* [Source material]
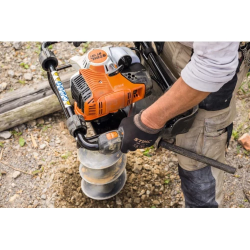 Vibrasjonsdempet håndtaksramme og et betjeningshåndtak med integrert stoppknapp sikrer at du kan jobbe med minimalt ubehag. Den ekstra sikkerheten til STIHL QuickStop borbrems er en beroligende funksjon; hvis boret setter seg fast, vil utløserhendelen stoppe rotasjonen øyeblikkelig. Og med bremseinnretningen kan selv fastlåste bor dreies ut igjen uten problemer. Husk at denne maskinen leveres uten bor, så sørg for å ha det riktige utstyret klart når du skal jobbe.
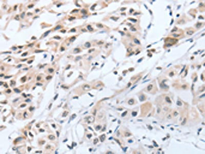 The image on the left is immunohistochemistry of paraffin-embedded Human lung cancer tissue using CSB-PA968134(CHRNA10 Antibody) at dilution 1/50, on the right is treated with synthetic peptide. (Original magnification: ×200)
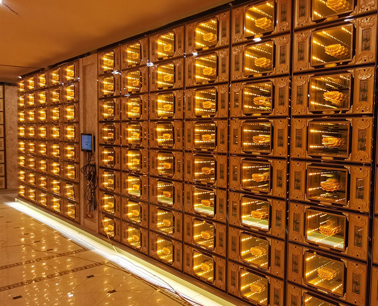 用于殯儀館、骨灰堂等骨灰存放場(chǎng)所,配合平板手機(jī)等硬件,完成一次富有儀式感及科技感的的室內(nèi)智能祭拜。
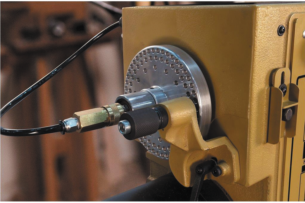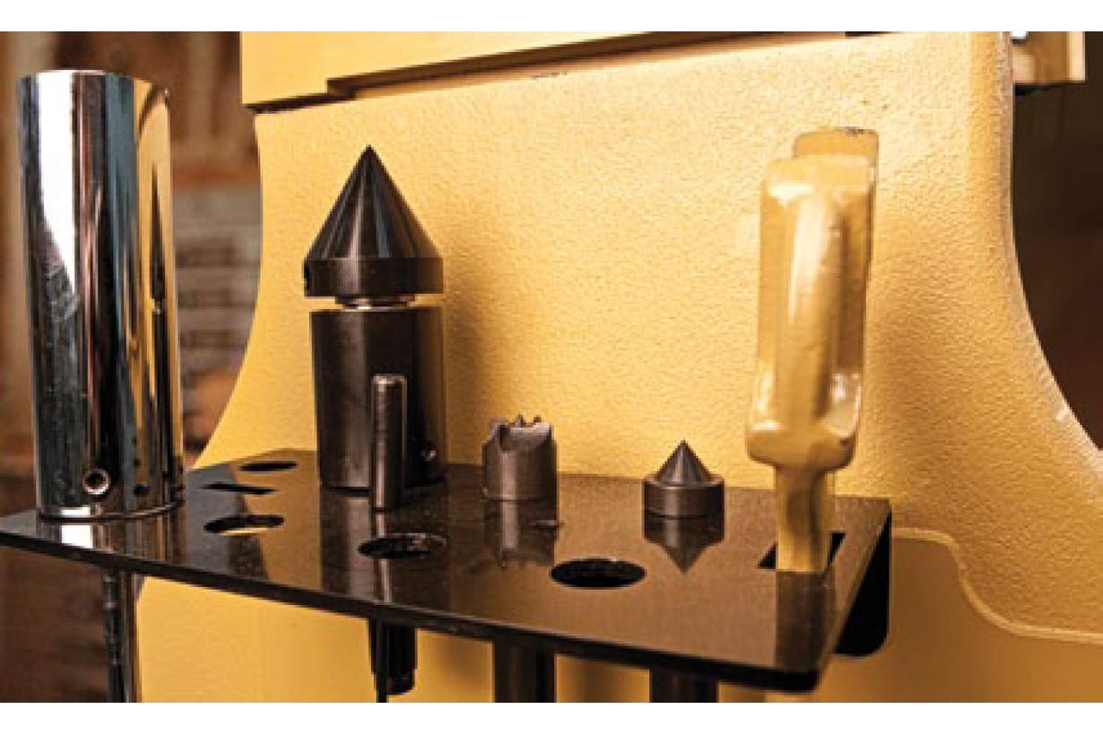 В штатную комплектацию Powermatic входит множество дополнительных деталей, которые или вовсе не встречаются на станках другого класса, или доступны на них только за доплату. Есть кронштейны для установки образца для копирования, ограждение рабочей области, держатели для инструмента и отсек внутри передней бабки для принадлежностей. Есть вакуумная система фиксации заготовки: специальный патрон удерживает деталь за счет разряжения воздуха, не повреждая её, он очень удобен при обтачивании тыльных поверхностей изделий типа чаши или блюда. При работе система использует энергию сжатого воздуха, поэтому требуется подключение к компрессору.
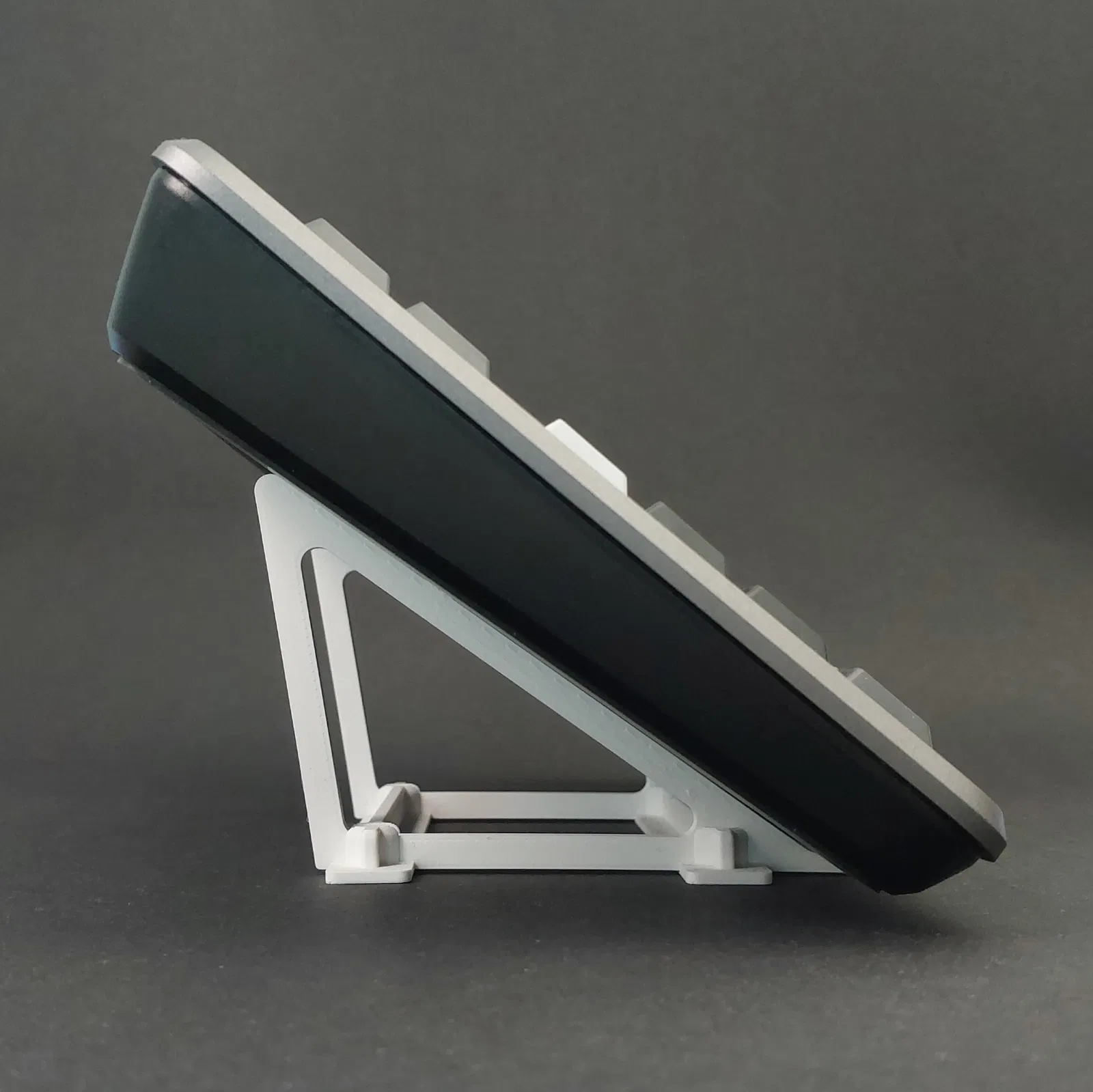 Chân đế cho DaVinci Resolve Speed Editor, hỗ trợ góc nghiêng bàn phím 20° hoặc 40°. Gợi ý dán thêm miếng cao su nhỏ dưới hai connector để tăng ma sát và giúp thiết bị bám chắc hơn khi sử dụng.
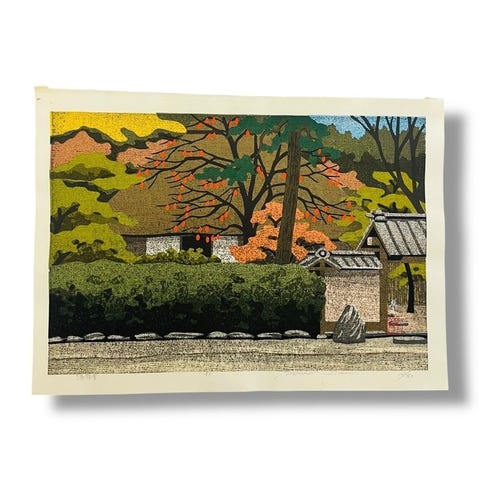 Begrænset udgave tryk af Kinoshita Daimon (f. 1946) med titel Daigorō Takamiyama aka AZUMAZEKI aka Daigoro Watanabe formerly Known as Jesse James Wailani, udgivet af Kyoto Hanga, udhugget af Endo, trykt af Shimizu, underskrevet, 1985, 40 × 27 cm, Japan, i fremragende stand. Klik på den blå "gå til varen" knap, for at købe eller byde på denne vare. Den samlede pris vil blive vist inden du afgiver dit bud.
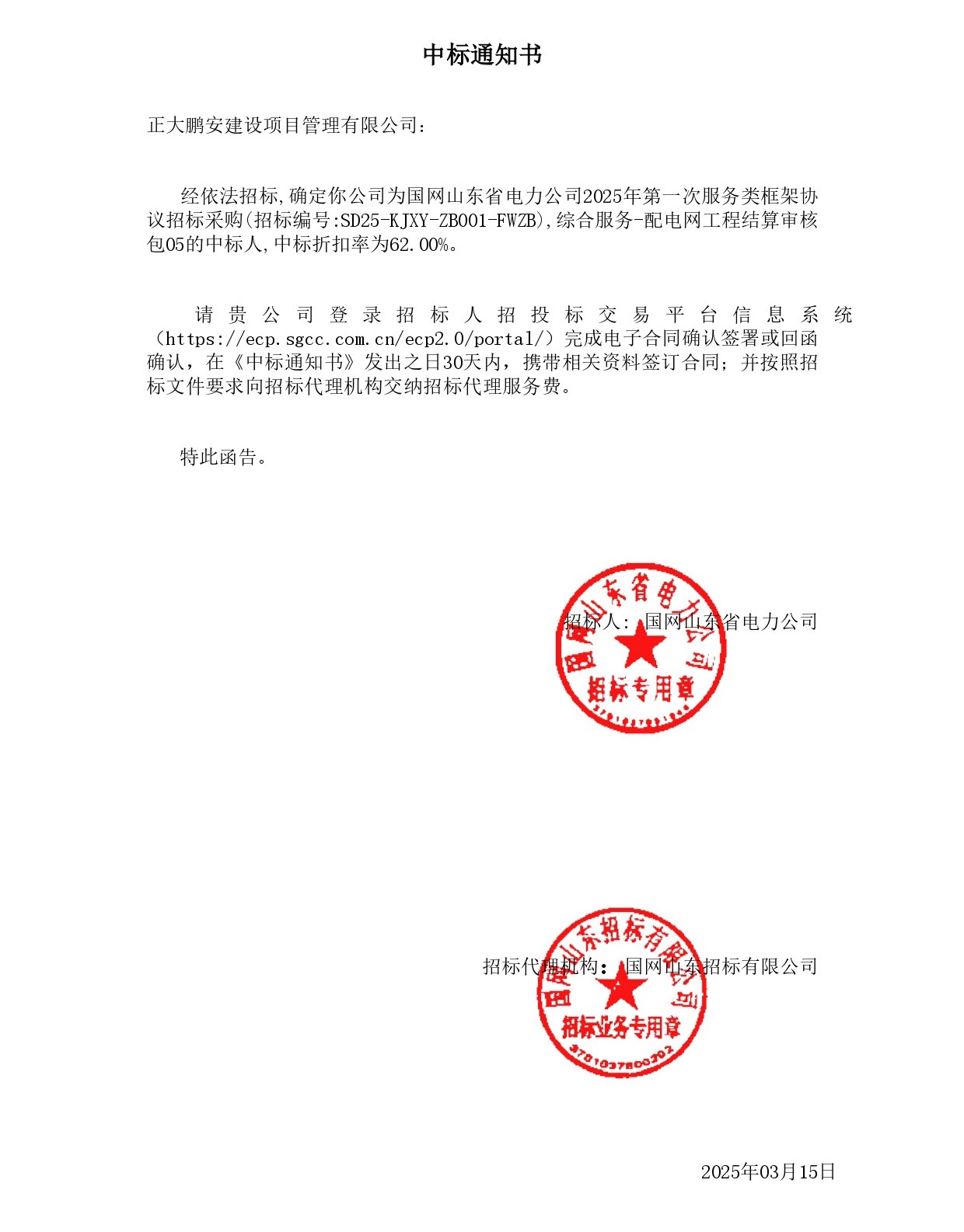 2025年3月15日,經(jīng)評(píng)標(biāo)委員會(huì)綜合評(píng)審,招標(biāo)人確認(rèn),正大鵬安建設(shè)項(xiàng)目管理有限公司中標(biāo)“國(guó)網(wǎng)山東省電力公司2025年第一次服務(wù)類框架協(xié)議招標(biāo)采購(gòu)(招標(biāo)編號(hào):SD25-KJXY-ZB001-FWZB)綜合服務(wù)-配電網(wǎng)工程結(jié)算審核包05”
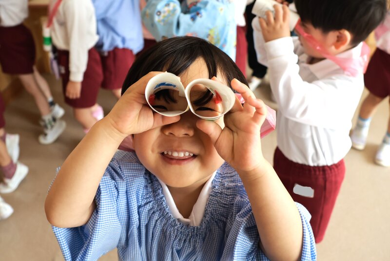 では、「きょうのすぎのこ」をお伝えしてまいりましょう。こちらは、手作りの双眼鏡を片手に「園内探検」にお出かけした年少の「りす組」さんです。職員室の前に来て、園長先生にご挨拶。園長先生のお顔を双眼鏡で覗き込むお子さまも……。
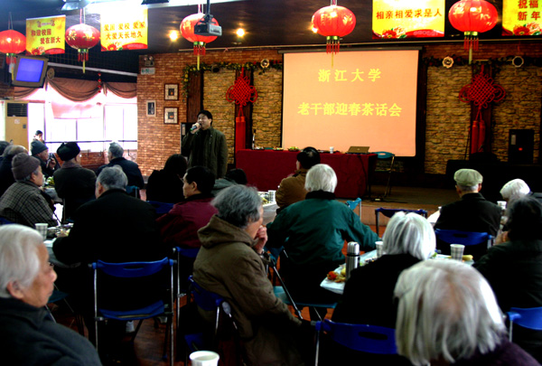 1月20日下午,在教工活动中心二楼音乐厅举行玉泉校区老干部新春茶话会,120多位老干部欢聚一堂,喜迎新春,共述学校发展。

* [Action item] The answer is every line of the data, exactly as written, with the pictures dropped.

* [Answer box]
 Vibrasjonsdempet håndtaksramme og et betjeningshåndtak med integrert stoppknapp sikrer at du kan jobbe med minimalt ubehag. Den ekstra sikkerheten til STIHL QuickStop borbrems er en beroligende funksjon; hvis boret setter seg fast, vil utløserhendelen stoppe rotasjonen øyeblikkelig. Og med bremseinnretningen kan selv fastlåste bor dreies ut igjen uten problemer. Husk at denne maskinen leveres uten bor, så sørg for å ha det riktige utstyret klart når du skal jobbe.
 The image on the left is immunohistochemistry of paraffin-embedded Human lung cancer tissue using CSB-PA968134(CHRNA10 Antibody) at dilution 1/50, on the right is treated with synthetic peptide. (Original magnification: ×200)
 用于殯儀館、骨灰堂等骨灰存放場(chǎng)所,配合平板手機(jī)等硬件,完成一次富有儀式感及科技感的的室內(nèi)智能祭拜。
 В штатную комплектацию Powermatic входит множество дополнительных деталей, которые или вовсе не встречаются на станках другого класса, или доступны на них только за доплату. Есть кронштейны для установки образца для копирования, ограждение рабочей области, держатели для инструмента и отсек внутри передней бабки для принадлежностей. Есть вакуумная система фиксации заготовки: специальный патрон удерживает деталь за счет разряжения воздуха, не повреждая её, он очень удобен при обтачивании тыльных поверхностей изделий типа чаши или блюда. При работе система использует энергию сжатого воздуха, поэтому требуется подключение к компрессору.
 Chân đế cho DaVinci Resolve Speed Editor, hỗ trợ góc nghiêng bàn phím 20° hoặc 40°. Gợi ý dán thêm miếng cao su nhỏ dưới hai connector để tăng ma sát và giúp thiết bị bám chắc hơn khi sử dụng.
 Begrænset udgave tryk af Kinoshita Daimon (f. 1946) med titel Daigorō Takamiyama aka AZUMAZEKI aka Daigoro Watanabe formerly Known as Jesse James Wailani, udgivet af Kyoto Hanga, udhugget af Endo, trykt af Shimizu, underskrevet, 1985, 40 × 27 cm, Japan, i fremragende stand. Klik på den blå "gå til varen" knap, for at købe eller byde på denne vare. Den samlede pris vil blive vist inden du afgiver dit bud.
 2025年3月15日,經(jīng)評(píng)標(biāo)委員會(huì)綜合評(píng)審,招標(biāo)人確認(rèn),正大鵬安建設(shè)項(xiàng)目管理有限公司中標(biāo)“國(guó)網(wǎng)山東省電力公司2025年第一次服務(wù)類框架協(xié)議招標(biāo)采購(gòu)(招標(biāo)編號(hào):SD25-KJXY-ZB001-FWZB)綜合服務(wù)-配電網(wǎng)工程結(jié)算審核包05”
 では、「きょうのすぎのこ」をお伝えしてまいりましょう。こちらは、手作りの双眼鏡を片手に「園内探検」にお出かけした年少の「りす組」さんです。職員室の前に来て、園長先生にご挨拶。園長先生のお顔を双眼鏡で覗き込むお子さまも……。
 1月20日下午,在教工活动中心二楼音乐厅举行玉泉校区老干部新春茶话会,120多位老干部欢聚一堂,喜迎新春,共述学校发展。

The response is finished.